In 2013, Legends in Concert furthered its partnership with Elvis Presley Enterprises, Inc. a joint venture, full-scale touring production presenting a US national tour called  Elvis Lives. The tour presents the music of Elvis throughout the many phases of his career in a live concert featuring 4 Elvis tribute artists.
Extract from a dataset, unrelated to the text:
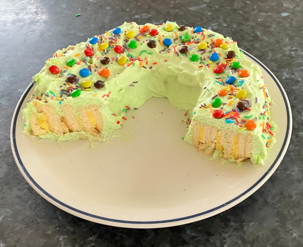 Now bring out the frosting, open the lemon crisp and get a big plate. Spoon some frosting onto plate in a circle. Next take one lemon crisp and smear some frosting on one side and place on top of the circle frosting. Followed by another lemon crisp and smear frosting on one side and glue them together. Repeat with the remaining lemon crisp, and frosting one side and glue them all until you form a circle.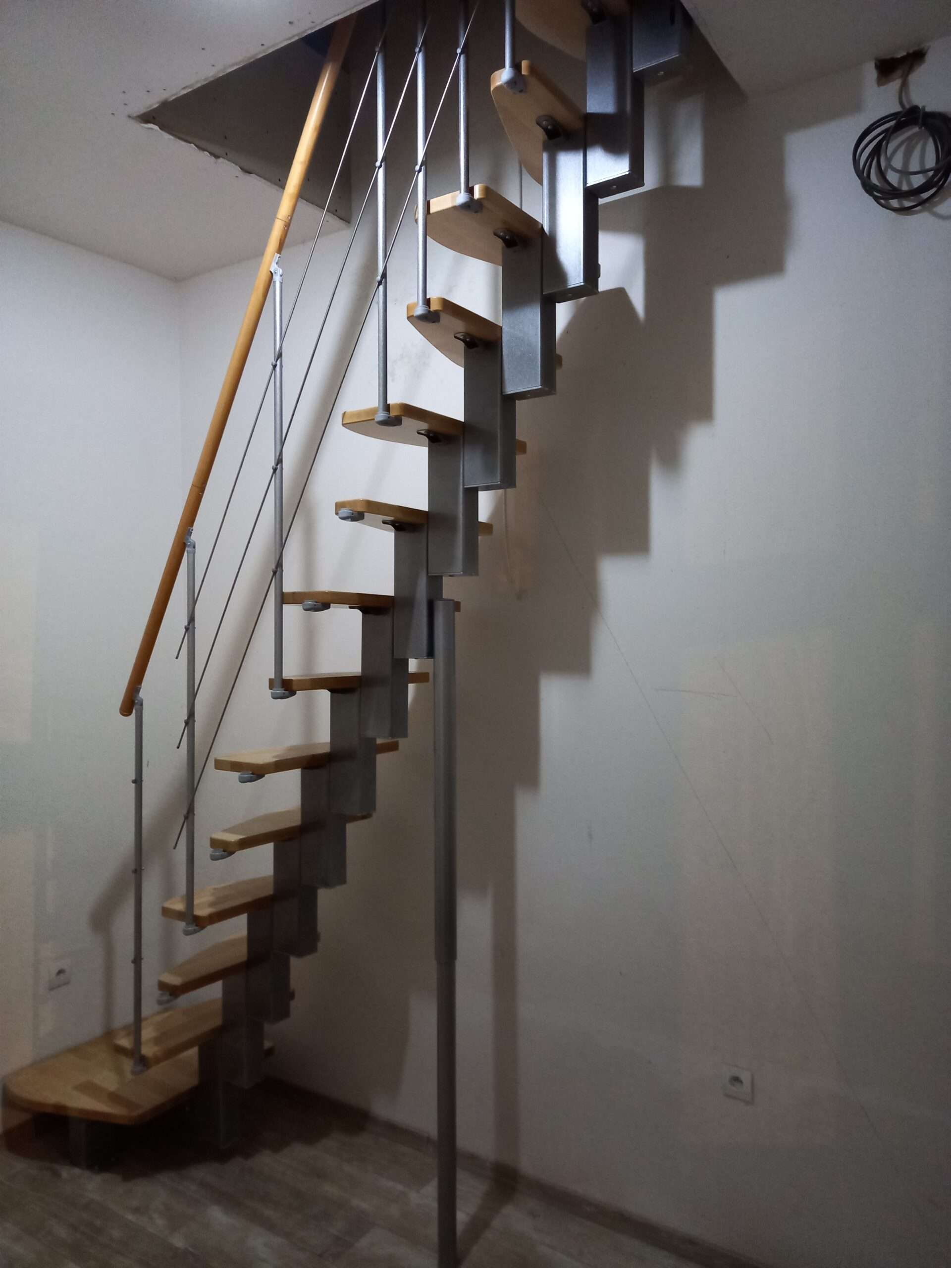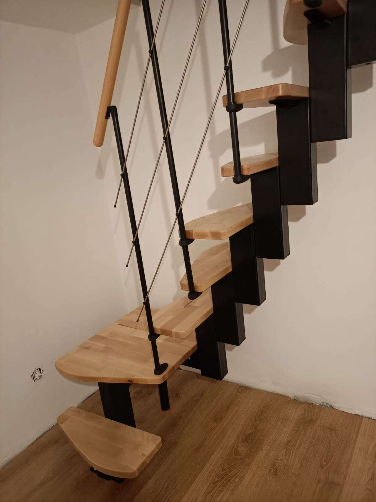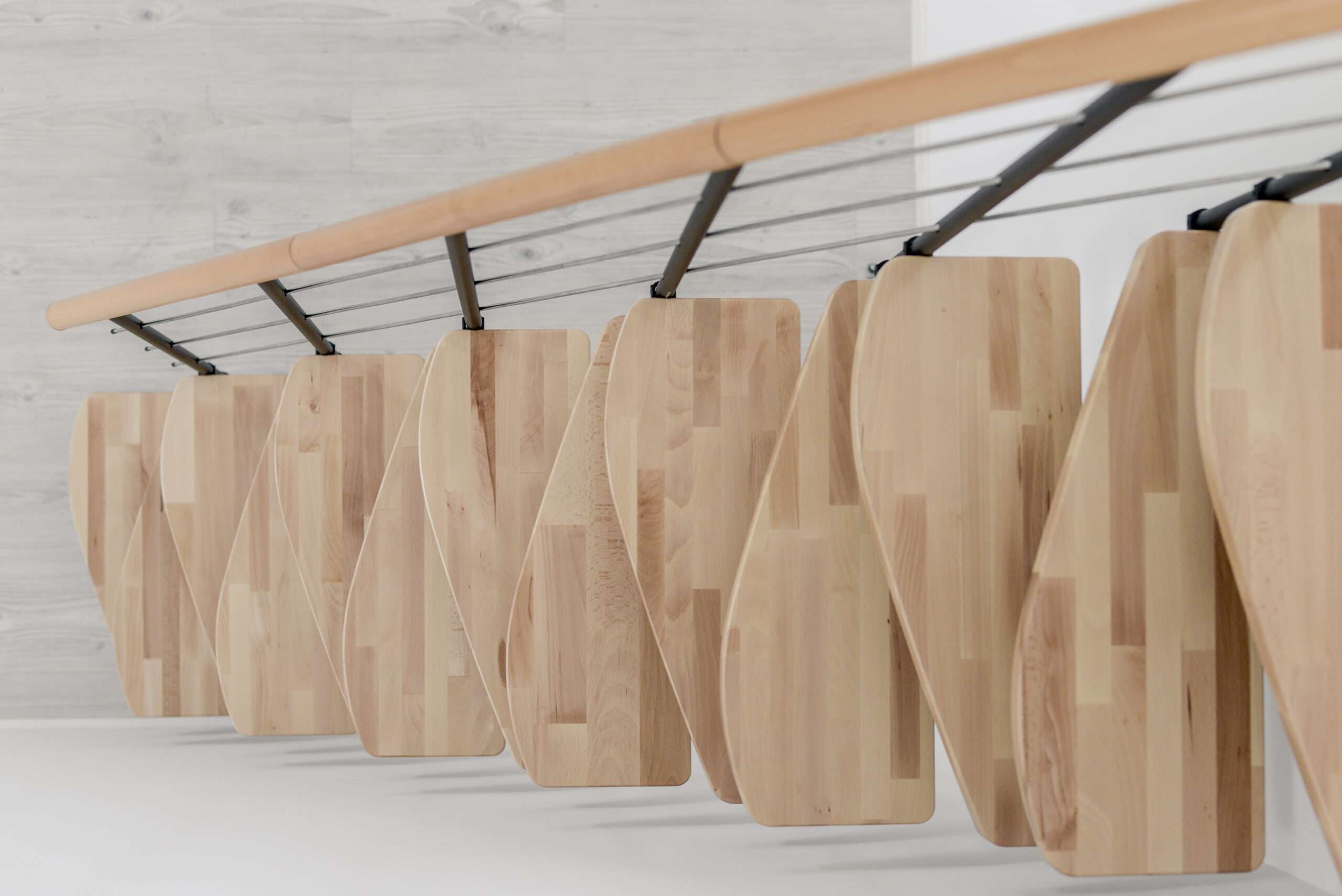 Das Holz der Quatro Raumspartreppe ist hochwertig lackiert – das sorgt für einen leichten Glanz und eine lange Lebensdauer. Mit der eigenen Abteilung für Pulverbeschichtung sorgt Minka für ein hochqualitatives Finish der Metallteile. Alle Materialien der Minka Treppen stammen aus Europa und zeichnen sich durch eine hohe Nachhaltigkeit aus.

More information on touring dates can be found by visiting Elvis Live Tour.

The pilot production of Legends in Concert in Las Vegas, Nevada, moved from its original location at the Imperial Palace and Hotel Casino to Harrah's Las Vegas on February 23, 2009. In February 2013, Legends in Concert moved to The Flamingo Las Vegas.

The Surfside Beach, SC show, which had been in that location since 1995, moved to the former Club Kryptonite location next to Planet Hollywood at Broadway at the Beach in nearby Myrtle Beach, South Carolina after its final show in the former location on October 6, 2010.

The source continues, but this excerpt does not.